Algorithm	Lap Time (s)
ODG	117.39
Gap follower	110.99
DDQN	$Fail$
Meta ODG DDQN unlearned	108.60
Meta ODG DDQN learned	108.43

presents the results for a new environment. DDQN fails; however, meta ODG DDQN exhibits high performance with the lowest lap time, as shown in Figure 15. In this result, the learning diversity in the Silverstone Circuit is demonstrated.

4. Conclusions

This paper introduces a novel RL-based autonomous driving system technology that implements ODG, SAC, and meta-learning algorithms. In autonomous driving technology, perception, decision-making, and control processes intertwine and interact. This work addresses the issues of the overestimation phenomenon and sparse rewards problems by applying the concept of prior knowledge. Furthermore, the fusion of meta-learning-based RL yields robust results in previously untrained environments.

The proposed algorithm was tested on official F1 circuits, a racing simulation with complex dynamics. The results of these simulations emphasize the exceptional performance of our method, which exhibits a learning speed up to 89% faster than existing algorithms in these environments. Within the racing context, the disparity between entry and exit speeds is a mere 0.46%, indicating the smallest reduction ratio. Moreover, the average driving speed was found to be up to 12.01% higher.

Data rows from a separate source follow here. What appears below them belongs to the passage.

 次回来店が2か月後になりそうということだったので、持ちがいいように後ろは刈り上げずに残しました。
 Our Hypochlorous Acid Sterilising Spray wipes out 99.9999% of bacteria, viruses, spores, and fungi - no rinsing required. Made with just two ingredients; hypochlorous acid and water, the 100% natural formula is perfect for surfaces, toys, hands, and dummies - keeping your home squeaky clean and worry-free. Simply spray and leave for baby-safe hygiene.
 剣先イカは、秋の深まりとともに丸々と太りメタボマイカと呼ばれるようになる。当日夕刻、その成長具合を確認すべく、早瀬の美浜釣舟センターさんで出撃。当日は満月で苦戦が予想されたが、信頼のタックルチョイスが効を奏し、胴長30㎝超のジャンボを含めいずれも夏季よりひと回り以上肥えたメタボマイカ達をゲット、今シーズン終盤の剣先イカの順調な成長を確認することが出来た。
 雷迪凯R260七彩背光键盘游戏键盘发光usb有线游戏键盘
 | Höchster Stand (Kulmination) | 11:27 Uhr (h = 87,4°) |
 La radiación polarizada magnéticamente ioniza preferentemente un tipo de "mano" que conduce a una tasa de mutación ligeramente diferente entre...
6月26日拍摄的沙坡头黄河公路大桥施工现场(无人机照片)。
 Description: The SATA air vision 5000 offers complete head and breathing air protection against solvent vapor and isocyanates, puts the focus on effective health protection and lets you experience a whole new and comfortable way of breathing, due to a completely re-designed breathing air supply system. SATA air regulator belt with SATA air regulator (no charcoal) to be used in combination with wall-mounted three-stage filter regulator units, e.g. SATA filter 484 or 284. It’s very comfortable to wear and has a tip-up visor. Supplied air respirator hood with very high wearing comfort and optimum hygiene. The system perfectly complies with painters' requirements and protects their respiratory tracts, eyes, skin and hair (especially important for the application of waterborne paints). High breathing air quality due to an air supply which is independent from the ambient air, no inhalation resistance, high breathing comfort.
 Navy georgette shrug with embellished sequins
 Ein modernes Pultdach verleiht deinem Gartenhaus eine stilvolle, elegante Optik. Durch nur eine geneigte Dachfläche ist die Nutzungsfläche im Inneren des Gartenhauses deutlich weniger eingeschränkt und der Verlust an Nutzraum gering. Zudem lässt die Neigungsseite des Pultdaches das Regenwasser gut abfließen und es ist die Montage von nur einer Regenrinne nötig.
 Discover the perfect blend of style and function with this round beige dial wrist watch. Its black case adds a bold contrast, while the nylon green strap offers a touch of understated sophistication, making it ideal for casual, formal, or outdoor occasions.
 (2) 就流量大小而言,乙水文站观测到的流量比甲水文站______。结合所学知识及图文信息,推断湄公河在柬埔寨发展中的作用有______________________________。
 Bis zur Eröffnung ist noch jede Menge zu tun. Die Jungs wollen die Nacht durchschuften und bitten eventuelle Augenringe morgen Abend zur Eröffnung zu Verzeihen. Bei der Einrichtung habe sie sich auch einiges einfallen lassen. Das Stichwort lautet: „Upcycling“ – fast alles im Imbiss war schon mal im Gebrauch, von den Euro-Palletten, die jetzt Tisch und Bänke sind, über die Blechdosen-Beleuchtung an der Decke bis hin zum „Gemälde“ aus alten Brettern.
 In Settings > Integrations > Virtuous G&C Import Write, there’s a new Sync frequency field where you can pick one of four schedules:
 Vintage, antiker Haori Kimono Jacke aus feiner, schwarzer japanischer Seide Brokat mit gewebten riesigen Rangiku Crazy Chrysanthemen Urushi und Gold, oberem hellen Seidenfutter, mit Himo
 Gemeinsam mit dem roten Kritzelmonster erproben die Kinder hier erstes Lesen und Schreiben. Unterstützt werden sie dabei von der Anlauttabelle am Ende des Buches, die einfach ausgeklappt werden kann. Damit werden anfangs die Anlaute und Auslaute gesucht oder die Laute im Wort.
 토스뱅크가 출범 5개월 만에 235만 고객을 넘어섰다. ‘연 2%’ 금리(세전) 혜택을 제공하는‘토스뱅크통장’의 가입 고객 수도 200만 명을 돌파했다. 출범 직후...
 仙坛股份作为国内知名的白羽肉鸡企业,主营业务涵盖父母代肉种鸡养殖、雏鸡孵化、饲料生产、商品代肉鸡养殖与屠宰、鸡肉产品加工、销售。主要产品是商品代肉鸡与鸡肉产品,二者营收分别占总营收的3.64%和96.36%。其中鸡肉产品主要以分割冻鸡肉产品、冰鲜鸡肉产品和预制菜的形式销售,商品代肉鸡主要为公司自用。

The primary contributions of this paper comprise a unique combination addressing the challenges of overestimation phenomenon and sparse rewards problems effectively in RL. Another major contribution is the demonstrated robust performance of the integrated meta-learning-based RL in previously untrained environments, thereby showcasing its adaptability and stability. Furthermore, we validated the performance of our proposed method via complex racing simulations, particularly on official F1 circuits. The results highlighted its superior performance in terms of learning efficiency, speed, stability, and adaptability.

In essence, this paper tackles the significant challenges encountered during the reinforcement learning process by introducing an algorithm that bolsters the efficiency and stability of RL. The high-fidelity simulations used in this study offer a realistic testing environment closely mirroring real-world conditions. Given these advancements, our proposed algorithm demonstrates significant potential for real-world applications, particularly in autonomous vehicles where learning efficiency and operational stability are of the utmost importance.

As for future research, we suggest adding various multi-tasks to verify stable and efficient learning in more complex environments. Based on this, we aim to study efficient RLs in real environments through meta-learning, with as few iterations as possible.